- SMART
- The published acronym for what makes a goal actionable: Specific, Measurable, Achievable, Relevant, Time-bound. Coined by George T. Doran in Management Review, November 1981. Doran's actual paper called the test "smart" because it was meant to be remembered, not to be reverent. The five letters cover the most common failure modes of a stated goal.
- Specific
- The first SMART letter. A specific goal names exactly what changes: what gets done, by whom, where, with which resources. "Get healthier" is not specific; "walk 30 minutes after dinner four nights a week" is. Specificity rules out plausible deniability when the goal isn't met.
- Measurable
- The second SMART letter. A measurable goal has a number (or a yes/no) you can check at the end. Drucker's repeated maxim, "what gets measured gets managed," sits behind this letter. If you can't tell whether you hit it, you also can't tell whether you tried.
- Achievable
- The third SMART letter. The goal is reachable given current circumstance and resources. Doran's framing: a stretch is good, an impossible target is theater. The check isn't "is this easy?" but "is there a credible path from here to there?" If you can't sketch the path, the goal is aspiration, not goal.
- Relevant
- The fourth SMART letter. The goal serves the role and the value it's attached to. A goal that's specific, measurable, and achievable but doesn't move any role you care about is a distraction. Relevance is what role-based planning supplies; without roles named first, this letter has nothing to check against.
- Time-bound
- The fifth SMART letter. The goal has a date by which it's met or missed. "Eventually" is not a date; "by the last Friday of October" is. Time-bound goals create the small pressure that closes the loop. Without it, the goal stays open forever and the brain stops treating it as real.
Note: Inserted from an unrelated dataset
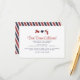 Eine Empfang-Karte, die mit der "Airmail" Invitation Suite koordiniert wird. In den Tönen der Marine und Rot. Platz zum Drucken der Empfang-Details auf der Vorderseite, mit einem dekorativen diagonalen Streifen Muster auf der Rückseite. Bei Bedarf kann das Muster entfernt und auf der Rückseite ein zusätzlicher Text gedruckt werden.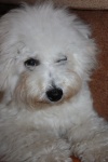 Потерялась собака, похожая на болонку или белого пуделя (порода Бишон ФРИЗЕ). Кобель, собака пугливая, больная, требует операции и медицинского ухода!!! С клеймом!!!

- Leading vs. lagging indicator
- A leading indicator predicts the result before it arrives (study hours per week predict exam score). A lagging indicator confirms the result after the fact (the exam score itself). Goals are usually phrased as the lagging measure; tasks track the leading ones. A goal you can't break into a leading indicator is hard to manage week to week.
- 1% better
- James Clear's framing in Atomic Habits (2018): small daily gains compound. Improve 1% a day for a year and you're 37 times better; lose 1% a day for a year and you're at 0.03 of where you started. The math is illustrative, not literal, but the principle stands: goals don't move in leaps; they move in tiny consistent margins.
- Begin with the end in mind
- Covey's Habit 2. Before you start a goal, picture the finished result clearly: what's been done, by whom, by when, with what visible mark of completion. Habit 2 sits between values and SMART because it forces the man to see the end before he picks the means. Two questions seal the habit: at the end of this year, what should be done? At the end of my life, what should I be remembered for?
- Expanded SMART (8 elements)
- The York Rite Leadership extension of the classic five-letter SMART. A workable goal is also Actionable (clear next step), Divided into progressive steps, Communicated to those affected, Assimilated by the team, Measured against the standard, and Adjusted based on reality as it changes. The point isn't acronym worship; it's that a goal that survives contact with a real week needs more than five tests. Use the original SMART as the gate; use these three as the maintenance kit.
- OKR
- Objectives and Key Results. A modern alternative to SMART popularized by Andy Grove at Intel and John Doerr (Measure What Matters, 2018). An Objective is the qualitative goal ("close out the year strong as Senior Warden"); the Key Results are the three to five measurable signals that say it was done. OKRs are noisier than SMART for personal use; they shine when a lodge or a committee uses them together because the Key Results force a shared definition of "done."
- Law of Navigation (Maxwell)
- John Maxwell's fourth Irrefutable Law: "Anyone can steer the ship, but it takes a leader to chart the course." The Law of Navigation is what SMART goals do for a man: it forces him to lay the route in writing before the trip starts, so the daily steering happens against a known plan. Without the chart, steering becomes reaction. Maxwell's research note on the law: leaders who refuse to navigate get rewarded with crews who decide on their own where the ship is going.
- BHAG (Big Hairy Audacious Goal)
- From Collins & Porras, Built to Last (1994): a Big Hairy Audacious Goal is a 10-to-30-year goal so concrete and so large that it galvanizes effort across years and across people. SMART scoping is the right tool for next quarter; a BHAG is the right tool for the long arc. The two work in series: the BHAG sets the horizon, and SMART goals each year ladder toward it. The Craft's vision documents are BHAGs in slow motion.